Good_Will_Harding wrote: ↑December 10th, 2022, 1:51 am
White Noise ('22 - Baumbach)
The latest from Noah Baumbach, which I wasn't exactly chomping at the bit to see, but I was always going to check it out anyway, since I typically like his works and in particular really liked his most recent effort,
Marriage Story. Plus, I'll always take the chance to see a Netflix original production on the big screen, so long as they still offer them that way. And I was actually quite pleasantly surprised by how much I enjoyed this. It's certainly this director's most ambitious film to date on just about every front - visually, in terms of the scope and scale of the production, and regarding the many genres this tries to splice into a single story (dark comedy, apocalyptic thriller, domestic drama, etc) - to the point that even if I didn't know beforehand that this was adapted from a novel (Don DeLillo's cult classic of the same name), I would've suspected it after a certain point. However, there's still plenty of Baumbach's familiar deadpan humor and familial dysfunction baked into the proceedings as well, which is what I suspect drew him to this project the most. This has a pretty strong first two thirds, but does somewhat lose its way in the final act, by making a hard pivot that I'm sure worked better on the page. However, on the whole I still thoroughly enjoyed this, and it really stands out as a very unique entry into Baumbach's filmography.
I saw this myself yesterday. Kind of amazed that it showed up here (well, here being an hour away). Happy to see a few other people at the screening - and there were very few cars in the parking lot for the 15-screen multiplex in general. There IS an audience for stuff other than superheroes, Hollywood. Really, there is. But I guess us middle-aged people aren't as easy to figure out, and we don't go buy White Noise action figures or video games. Fuck.
Anyway, yeah, there's an audience, but I don't think even in the best of times it would be huge for this film, which on one viewing strikes me as sort of a melange of 4 parts 70s conspiracy thriller, 2 parts David Lynch (mostly in the last act), and 1 part Steven Spielberg (mostly in the family dynamics and dialogue). Given it's 80s provenance - the novel was published then and the film is set in 1984 - this isn't all that surprising I suppose. But it does make for an odd experience overall, starting with the highly artificial and often stilted-seeming dialogue/acting. Maybe that's more typical of Baumbach's films than I'm remembering? In any case it was kind of offputting for much of the film - Adam Driver in particular just doesn't feel like a real person to me at all here, I always feel like I'm just watching him acting. Greta Gerwig comes off a little better, I think the particular kind of self-consciousness on display plays more to her strengths. But I got more used to the fakery as the film went on, and, not knowing the source or having read anything about it, I found the particular twists and moves in the story fairly entertaining. I suppose if one had to cast it as a single genre "black comedy" might be the best fit, though it wasn't "funny" really - slightly amusing at times, but more amusing to think about afterwards. I liked the look of the picture a lot though, again, it took some getting used to, and I think the artificiality in that area (lots of primary colors, very much an 80s gloss to everything though not as neon-heavy as a genre film from that time would have been) helped win me over to the fakery of the acting and situations eventually. I particularly love the dining scene just before the Toxic Event, where all of the veggies are an extremely precise and uniform color - orange carrots, deep green beans, bright yellow corn - that probably corresponds exactly to the colors on the cans they (presumably) came out of.

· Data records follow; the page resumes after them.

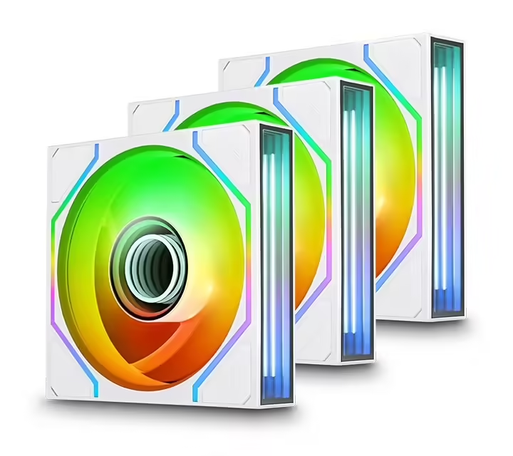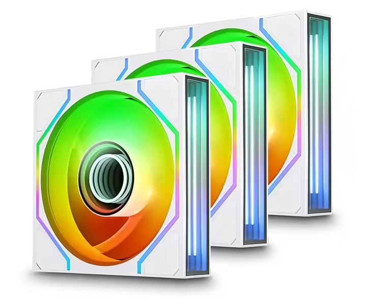 这款风扇主要核心亮点集中在创新设计上:双重无限镜灯效极具辨识度,在风扇轴心与上下两侧均设置ARGB灯光区域,固定白色内圈与可自定义彩色外圈叠加,呈现出层次丰富的立体光影效果。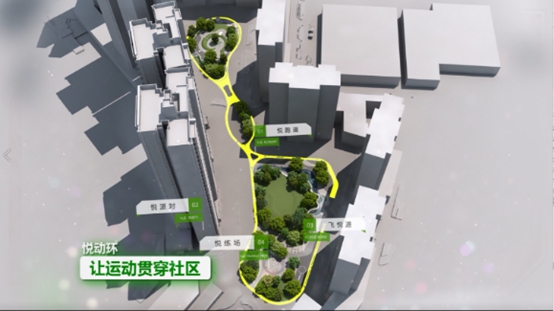 鼓勵導向的運動系統(tǒng):以悅動環(huán)串聯(lián)全區(qū)的運動系統(tǒng),精心挑選的無重力器械可帶來合作、競賽以及親子運動體驗,業(yè)主還可通過云鄰社區(qū)App自行租用架空層投影、瑜伽球等運動設(shè)備。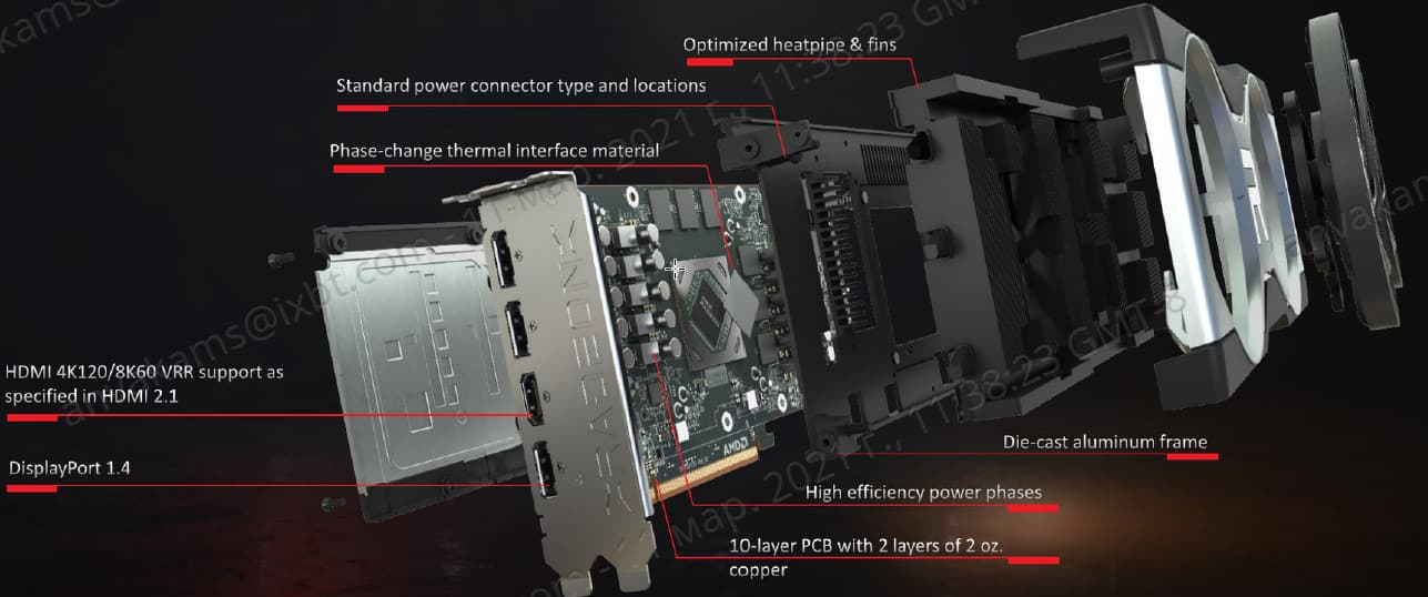 Остальные подробности обо всех изменениях и нововведениях нового графического процессора читайте в большом обзоре Radeon RX 6800 XT, там написано и про новую кэш-память Infinity Cache, и про улучшенный доступ к видеопамяти Smart Access Memory, и про изменения в поддержке видеокодеков и стандартов портов ввода-вывода. Младшая модель архитектуры RDNA 2 ничем не отличается от старших GPU по функциональности, хотя чипы и разные, но умеют делать они все одинаково.
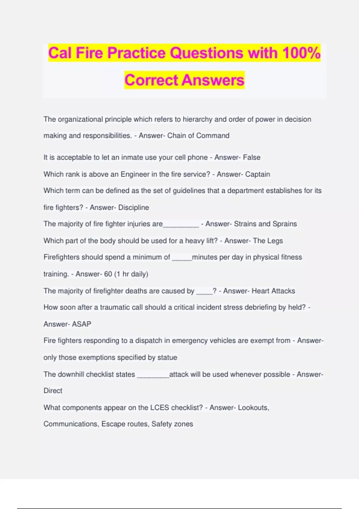 Cal Fire Practice Questions with 100% Correct Answers The organizational principle which refers to hierarchy and order of power in decision making and responsibilities. - Answer- Chain of Command It is acceptable to let an inmate use your cell phone - Answer- False Which rank is above an Engineer in the fire service? - Answer- Captain Which term can be defined as the set of guidelines that a department establishes for its fire fighters? - Answer- Discipline The majority of fire fighter injuries are_________ - Answer- Strains and Sprains Which part of the body should be used for a heavy lift? - Answer- The Legs Firefighters should spend a minimum of _____minutes per day in physical fitness training. - Answer- 60 (1 hr daily) The majority of firefighter deaths are caused by ____? - Answer- Heart Attacks How soon after a traumatic call should a critical incident stress debriefing by held? - Answer- ASAP Fire fighters responding to a dispatch in emergency vehicles are exempt from - Answer- only those exemptions specified by statue The downhill checklist states ________attack will be used whenever possible - Answer- Direct What components appear on the LCES checklist? - Answer- Lookouts, Communications, Escape routes, Safety zones What is the correct term for a radio system permanently mounted in a building? - Answer- Base Station The bar of a pry bar acts as a _______to multiply the amount of force that can be applied. - Answer- Lever Which tool is designed to pull a lock cylinder out of a door? - Answer- The K tool Using a spring loaded center punch to break tempered automobile glass results in ________ - Answer- many small uniformed pieces of glass Which hazardous material is commonly found in vehicle batteries? - Answer- Sulfuric Acid Which statement most accurately describes a transitional attack - Answer- An offensive attack initiated from the exterior Which items is installed on propane cylinders to allow excess pressure to escape? - Answer- Relief Valve Operations are conducted from inside the fire building in which operational mode - Answer- Offensive

There is of course a lot here, content-wise - the alignment of Hitler, Elvis, car crashes in our cultural history, the notions of fakeness that keep coming up (Driver's character is a Hitler-studies prof who doesn't speak German; his family with Gerwig has a fake quality to it, and of course the supermarket, the canned goods, the processed everything, the notion that we're getting further away from what was once reality all the time - Ronald Reagan, that era's Trump). But I think even those who don't want to dive too much into what it all means may find it enjoyable enough just for it's ambition at trying to deal with all this detritus of 20th-century consumerist-authoritarian history. Or maybe not. In any case I was just pleased to see something that had the audacity to assume the audience weren't all total idiots, and might want to use their brains to do some of the work themselves. That's harder and harder to find at the multiplex these days here in cheeseland.
Anyway I'm glad I made the effort to go see it - even though the audience wasn't that expressive, this still felt like a film where seeing it in a cinema had a particular effect on me that wouldn't be duplicated at home alone. And now I want to read the book (which I own, along with several others from the author, all sitting, gathering dust, for 25+ years, sigh).